* Activity
Only the lines from the one with "ご飯 かきましの具 ぶりのてりやき はちはい汁 みかん 牛乳" to the end of the data below should be given again, exactly, with both ends included and pictures omitted.

* Exercise data
»»

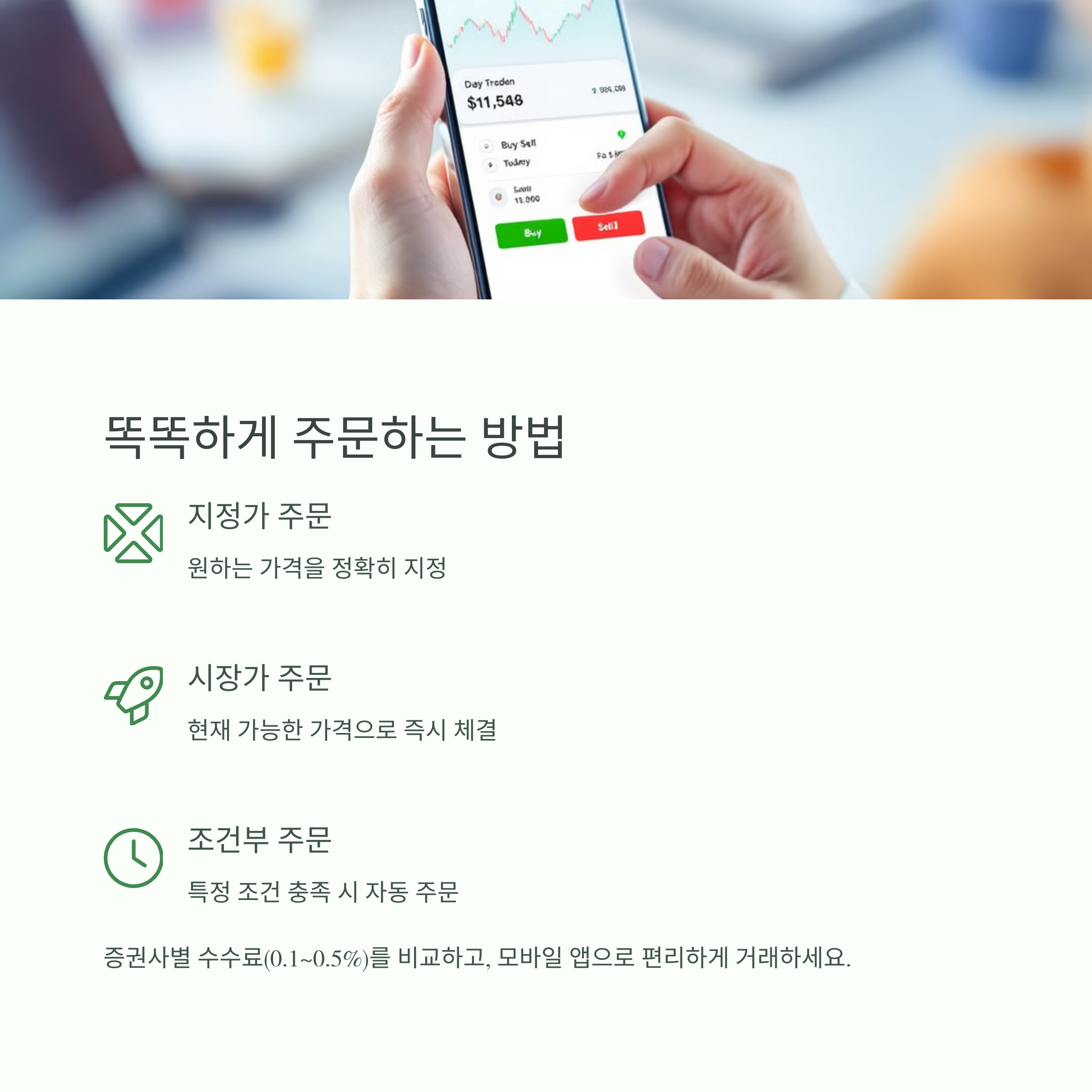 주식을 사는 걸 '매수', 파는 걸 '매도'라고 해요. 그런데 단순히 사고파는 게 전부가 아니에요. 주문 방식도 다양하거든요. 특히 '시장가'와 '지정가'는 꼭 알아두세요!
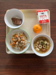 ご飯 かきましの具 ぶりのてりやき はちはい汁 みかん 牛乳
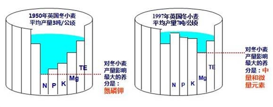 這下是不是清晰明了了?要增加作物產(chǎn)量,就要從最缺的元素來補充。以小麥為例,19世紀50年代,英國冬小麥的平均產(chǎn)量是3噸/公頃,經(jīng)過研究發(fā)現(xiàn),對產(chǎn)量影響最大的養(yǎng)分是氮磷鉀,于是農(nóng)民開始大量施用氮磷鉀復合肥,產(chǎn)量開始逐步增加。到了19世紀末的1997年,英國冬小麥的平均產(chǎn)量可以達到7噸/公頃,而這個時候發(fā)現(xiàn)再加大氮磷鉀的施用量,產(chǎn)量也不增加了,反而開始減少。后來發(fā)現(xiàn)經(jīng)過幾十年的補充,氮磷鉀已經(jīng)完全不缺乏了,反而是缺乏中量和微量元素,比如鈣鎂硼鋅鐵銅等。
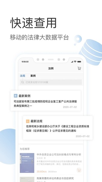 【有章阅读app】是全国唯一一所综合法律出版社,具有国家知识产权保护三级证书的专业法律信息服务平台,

««

* Solution
 ご飯 かきましの具 ぶりのてりやき はちはい汁 みかん 牛乳
 這下是不是清晰明了了?要增加作物產(chǎn)量,就要從最缺的元素來補充。以小麥為例,19世紀50年代,英國冬小麥的平均產(chǎn)量是3噸/公頃,經(jīng)過研究發(fā)現(xiàn),對產(chǎn)量影響最大的養(yǎng)分是氮磷鉀,于是農(nóng)民開始大量施用氮磷鉀復合肥,產(chǎn)量開始逐步增加。到了19世紀末的1997年,英國冬小麥的平均產(chǎn)量可以達到7噸/公頃,而這個時候發(fā)現(xiàn)再加大氮磷鉀的施用量,產(chǎn)量也不增加了,反而開始減少。后來發(fā)現(xiàn)經(jīng)過幾十年的補充,氮磷鉀已經(jīng)完全不缺乏了,反而是缺乏中量和微量元素,比如鈣鎂硼鋅鐵銅等。
 【有章阅读app】是全国唯一一所综合法律出版社,具有国家知识产权保护三级证书的专业法律信息服务平台,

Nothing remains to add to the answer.